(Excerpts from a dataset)
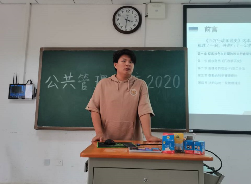 此次读书会,同学们主要围绕《西方行政学说史》展开探究讨论。王麒隆同学做简单开场白后,读书会正式开始。首先,管二班姚琪同学就西方行政学说的产生和发展历程进行了简要阐述。除书中观点外,姚琪同学还进行了适当拓展,向同学们展示了夏书章、丹尼尔雷恩等其他学者对西方行政学发展历程的不同划分方法。随后,管二班杨钦哲同学以杰出行政学家托马斯·伍德罗·威尔逊的行政学思想为落脚点,先后介绍了行政学研究的必要性、目标任务、历史渊源等。最后,管一班王麒隆同学截取书中部分内容,从古德诺的政治-行政二分法出发,分别就政治-行政二分法的必要性、条件性以及今后的路径与创新点展开探讨,引发了同学们深刻的思考。
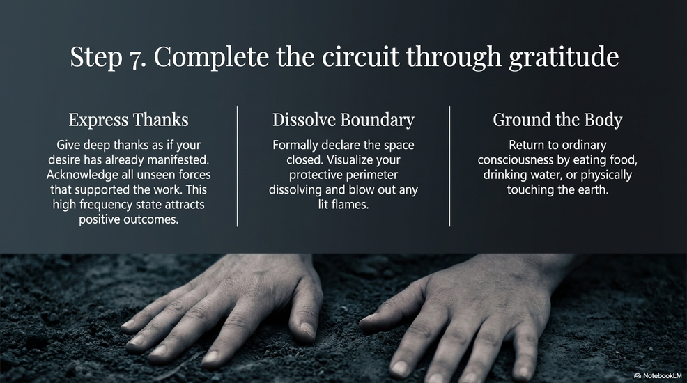 Then, formally close your ritual space: "I now close this sacred space. I give thanks to all beings and forces who have assisted. This ritual is complete. Blessed be." Visualize your protective boundary dissolving or opening. Blow out any candles you've lit. Ground yourself by eating something, drinking water, or touching the earth.
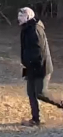 So why are so many people saying he’s wearing a mask??? Dudes just super white, and has a hood on, clearly you can see by his body language that it’s cold. He’s looking for a dog or a kid.. named Layah… or Leah… depending on what state he is in 😂😂
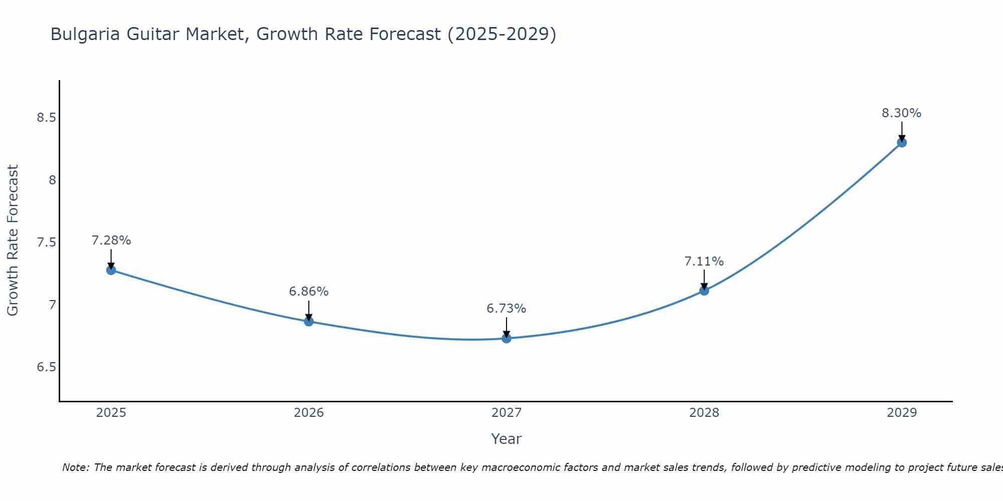 The Bulgaria Guitar Market is projected to witness mixed growth rate patterns during 2025 to 2029. From 7.28% in 2025, the growth rate steadily ascends to 8.30% in 2029.
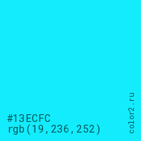 Цвет #13ECFC в цветовой модели RGB обозначается тремя октетами (19, 236, 252) в десятичном формате и #13ECFC в шестнадцатиричном (hex) формате, которые являются интенсивностью красного 19 (hex 13), интенсивность зелёного 236 (hex EC) и интенсивность синего 252 (hex FC).
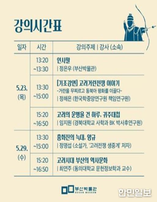 한민일보 서울포커스 김순철 기자 | 부산시립박물관은 오는 5월 23일과 5월 29일 양일간 오후 1시 30분부터 박물관 대강당에서 제40기 역사문화강좌 '고려거란전쟁'을 개최한다고 밝혔다.
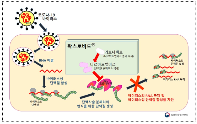 팍스로비드는 단백질 분해효소(3CL 프로테아제)를 차단해 바이러스 복제에 필요한 단백질이 생성되는 것을 막아 바이러스의 증식을 억제하는 의약품이다.

Assignment. Where the line with "So why are so" appears in the entries above, begin there and restate every line to the end word for word, minus the pictures.

Result of this task.
 So why are so many people saying he’s wearing a mask??? Dudes just super white, and has a hood on, clearly you can see by his body language that it’s cold. He’s looking for a dog or a kid.. named Layah… or Leah… depending on what state he is in 😂😂
 The Bulgaria Guitar Market is projected to witness mixed growth rate patterns during 2025 to 2029. From 7.28% in 2025, the growth rate steadily ascends to 8.30% in 2029.
 Цвет #13ECFC в цветовой модели RGB обозначается тремя октетами (19, 236, 252) в десятичном формате и #13ECFC в шестнадцатиричном (hex) формате, которые являются интенсивностью красного 19 (hex 13), интенсивность зелёного 236 (hex EC) и интенсивность синего 252 (hex FC).
 한민일보 서울포커스 김순철 기자 | 부산시립박물관은 오는 5월 23일과 5월 29일 양일간 오후 1시 30분부터 박물관 대강당에서 제40기 역사문화강좌 '고려거란전쟁'을 개최한다고 밝혔다.
 팍스로비드는 단백질 분해효소(3CL 프로테아제)를 차단해 바이러스 복제에 필요한 단백질이 생성되는 것을 막아 바이러스의 증식을 억제하는 의약품이다.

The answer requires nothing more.